The ability to identify anomalies can help individual investors avoid investing in companies with higher financial risk. It can help broker-dealers invest client assets in better suited securities that carry less risk. Lastly, anomaly detection can help the SEC identify companies that might require an additional audit of their financial statements.

## Problem Statement

Manually retrieving and reviewing every public company's financial statements to find anomalies is a very laborious process that also requires expertise in finance and accounting. 

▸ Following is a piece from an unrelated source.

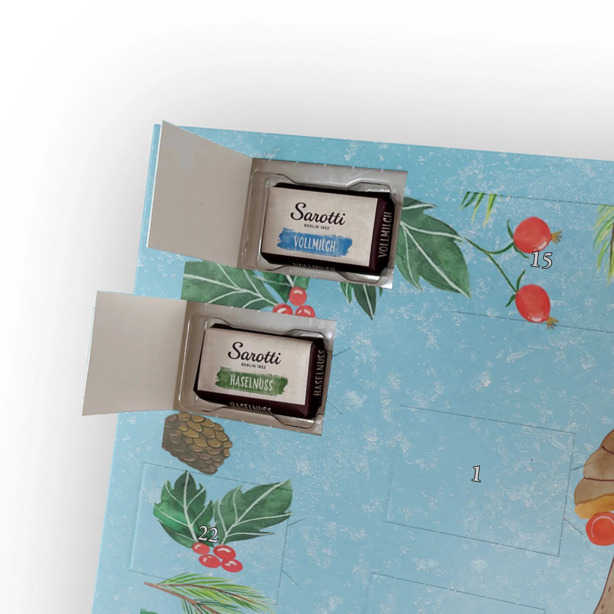 🐼 Adventskalender mit Schokolade, liebevoll bedruckt, seidenmatt veredelt.

**Individual Investors**  
For individual investors without any financial acumen or data-wrangling skills, reviewing SEC-filed financial statements for anomalous companies is a very challenging task. The ability to easily identify anomalous companies would save them time and reduce their need for financial expertise.

**Coporate Investors**  
Prospective customers expect their broker or financial advisor to instantaneously identify anomalous companies and answer questions about them. Having a tool at their disposal that clusters anomalous companies would provide value to both the advisor and consumer.

**The SEC**  
A tool for clustering companies on the basis of their submitted financials could allow agency analysts to quickly identify suspicious companies that may require closer review.

## Objectives

1. Cluster public companies based on commonly disclosed financial metrics. 
2. Detect anomalous public companies given their commonly disclosed financial metrics. 

# Literature Review

Existing research on clustering financial statements for auditing and investing purposes focuses on distance, partition, hierarchical, and neural-network-based methods. One of the main challenges of this research is balancing model flexibility and interpretability. Flexibility is required to accurately capture patterns in complex multidimensional data, and to lessen the burden of prior knowledge placed on the end user. Intepretability, on the other hand, is necessary for the end user, whether it be an auditor or prospective investor, to trust the results enough to actually use them. The present study attempts to address this challenge and fill a methodological gap in the existing literature by exploring density-based clustering methods, which have been shown to perform well on other financial anomaly detection tasks (Ahmed et al., 2016). Specifically, this work uses the Ordering Points to Identify the Clustering Structure (OPTICS) algorithm to cluster U.S. public company financial statements and detect anomalies. OPTICS is flexible in that it can fit clusters of arbitrary shape and represent clustering information for a wide range of hyperparameter values. Furthermore, its resulting reachability plot provides intuitive cluster interpretation, especially when accompanied by a corresponding attribute plot (Ankerst et al., 1999). 

# Methodology

This project uses the density-based OPTICS algorithm to cluster and detect anomalous U.S. public company financial statements. The raw data were retrieved from the SEC's APIs and consist of the most commonly disclosed financial metrics of 2020. We explored the data for patterns and issues, which informed our preprocessing decisions. The data were normalized, imputed, and decomposed into their principal components prior to modeling. We used the following Python libraries to implement our methodology: requests, numpy, pandas, matplotlib, seaborn, pca, scikit-learn, and streamlit. 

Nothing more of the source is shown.